Sur le cas de Mohamed Soumah, l’intermédiaire entre Jawad Bendaoud et Hasna Aït Boulahcen, le tribunal s’est montré plus ferme que le procureur lui-même. Le représentant du ministère public avait estimé que le prévenu ne savait pas que les «locataires» étaient terroristes, et avait donc réclamé quatre ans de prison. La présidente a au contraire assuré que Mohamed Soumah «ne pouvait ignorer que les fugitifs étaient des terroristes» et a donc condamné «Mouss» à cinq ans de prison ferme.

Enfin, le procureur avait réclamé une peine de cinq ans de prison assortie d’un mandat de dépôt à l’encontre de Youssef Aït Boulahcen, frère d’Hasna, jugé pour «non-dénonciation de crime terroriste . «On a affaire à un personnage qui fait froid dans le dos, [au] profil vraiment inquiétant», avait-il souligné. La présidente Isabelle Prévost-Desprez et ses assesseurs ont finalement choisi de condamner Youssef Aït Boulahcen à quatre ans de prison, dont un an avec sursis, sans mandat de dépôt. «Vous saviez que votre cousin était impliqué dans un nouveau projet d’attentat», a insisté la magistrate.

«J’ai envie de faire justice moi-même»

Dès l’annonce du jugement, les réactions ont fusé, tant au Palais de justice que sur les réseaux sociaux. «Je ne m’y attendais pas», a ainsi déclaré au Figaro le père d’une des victimes du Bataclan, sous le choc de la relaxe de Jawad Bendaoud. «Je n’ai jamais vu ça, c’est un scandale. Jawad a embobiné tout le monde. Je suis révolté, j’ai envie de faire justice moi-même.»

Un procès, deux semaines, trois prévenus…

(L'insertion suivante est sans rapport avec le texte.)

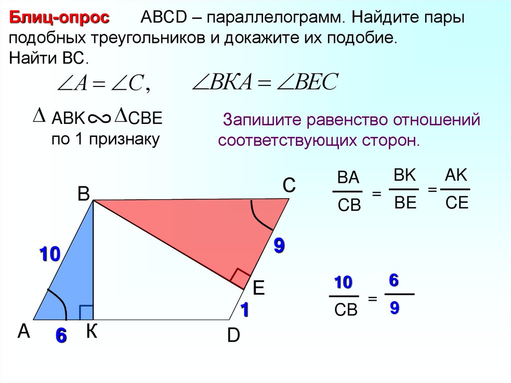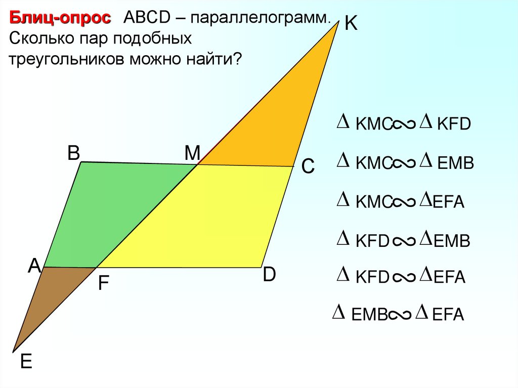 Блиц-опрос АВСD – параллелограмм. KСколько пар подобных
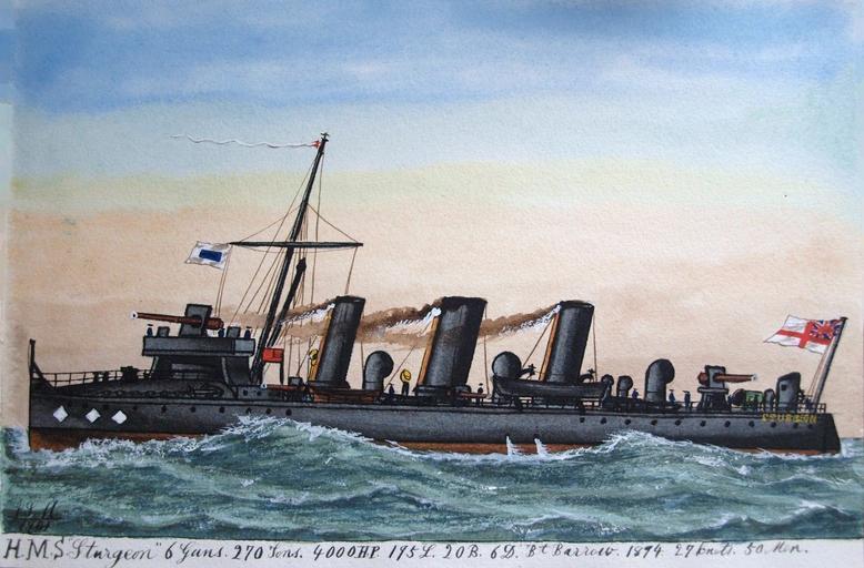 Keywords: HMS Sturgeon by James Scott Maxwell.png Royal Navy destroyer HMS Sturgeon 1894 antique watercolour 1901 James Scott-Maxwell public domain Destroyers of the United Kingdom Paintings of ships James Scott Maxwell PD-old-100
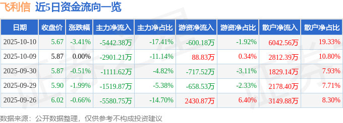 10月10日的资金流向数据方面,主力资金净流出5442.38万元,占总成交额17.41%,游资资金净流出600.18万元,占总成交额1.92%,散户资金净流入6042.56万元,占总成交额19.33%。
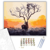Szarvas Nagy Agancsokkal - számfestő készlet – 40×50 cm (Keretre feszítve) A festmény nyugodt, mégis lenyűgöző atmoszférát teremt, amely az alkonyati fényekbe burkolózó természet csendjét idézi. Egy titokzatos történet bontakozik ki a néző előtt, ahol a s
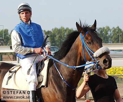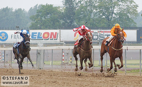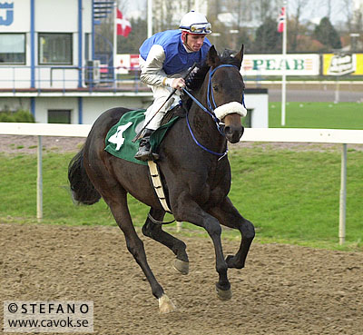 Peter mejlade mig för några dagar sedan och frågade om jag hade några bilder på hästen Tapdance. Jodå, en rask sökning i arkivet gav några träffar. Många minns säkert Tapdance som en av de bättre hästarna i treårskullen 2001. Han slutade god tvåa bakom Rickard i Jockeyklubbens Jubileumslöpning och tog senare på säsongen en stark tredjeplats bakom Final Care och Honeysuckle Player i Svenskt Derby (bild 1). Moderlivsimporten tränades av Michael Kahn och ägdes av det välbekanta konsortiet Stall SKS. Tapdance dog 2003. Notera förresten Dina Danekildes vinröda dressfärg på bild 3. För visst minns ni jockey/nummerfärgerna som användes i TrioKomberna under en kortare tid? Ett intressant men tämligen misslyckat experiment om jag får säga det själv.
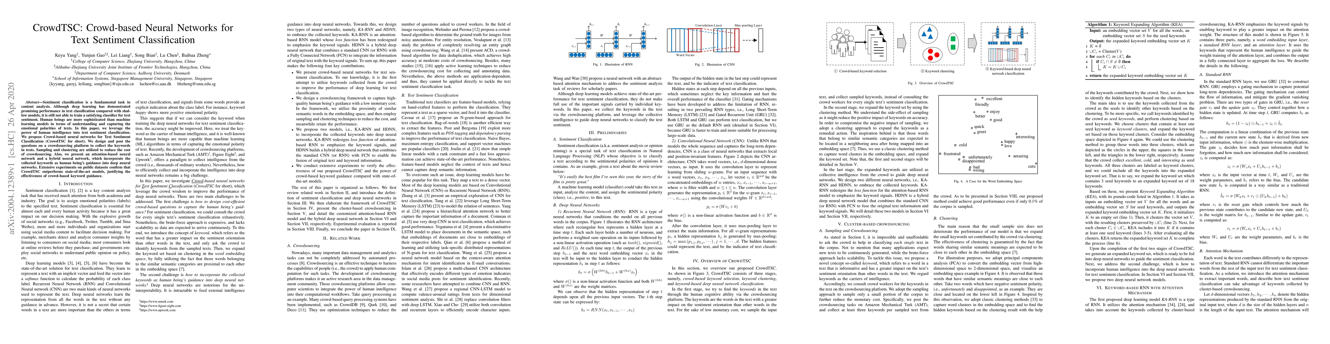This paper introduces CrowdTSC, a crowd-based neural network approach for text sentiment classification that leverages human intelligence to enhance deep learning models. By collecting keywords via crowdsourcing and integrating them into attention-based and hybrid neural networks, CrowdTSC achieves superior performance compared to state-of-the-art models.

Rarement un procès en correctionnelle aura pris une telle ampleur. Pendant deux semaines, le Palais de justice de Paris a mobilisé trois salles pour accueillir les 3 prévenus, 120 avocats, 150 journalistes accrédités et 687 parties civiles, même si nombre de ces dernières n’ont pas pu, ou pas voulu, assister aux audiences. Des dizaines d’avocats de victimes se sont réunis dans un collectif pour organiser plus efficacement leur travail avant et pendant le procès.

Face à une présidente imposant le respect, chacun des trois prévenus a vite démontré sa personnalité – ou son rôle: un Youssef Aït Boulahcen discret et policé au premier rang, un Mohamed Soumah la plupart du temps calme mais sombrant parfois dans la vulgarité, et un Jawad Bendaoud énervé et volubile dans le box. Le public a eu droit à quelques surprises: les menaces du «logeur de Daech» envers un avocat, la dispute entre plusieurs avocats, la violente altercation entre Jawad Bendaoud et Mohamed Soumah dans leur box, l’intervention de la ministre de la Justice, les réquisitions du procureur jugées peu sévères,…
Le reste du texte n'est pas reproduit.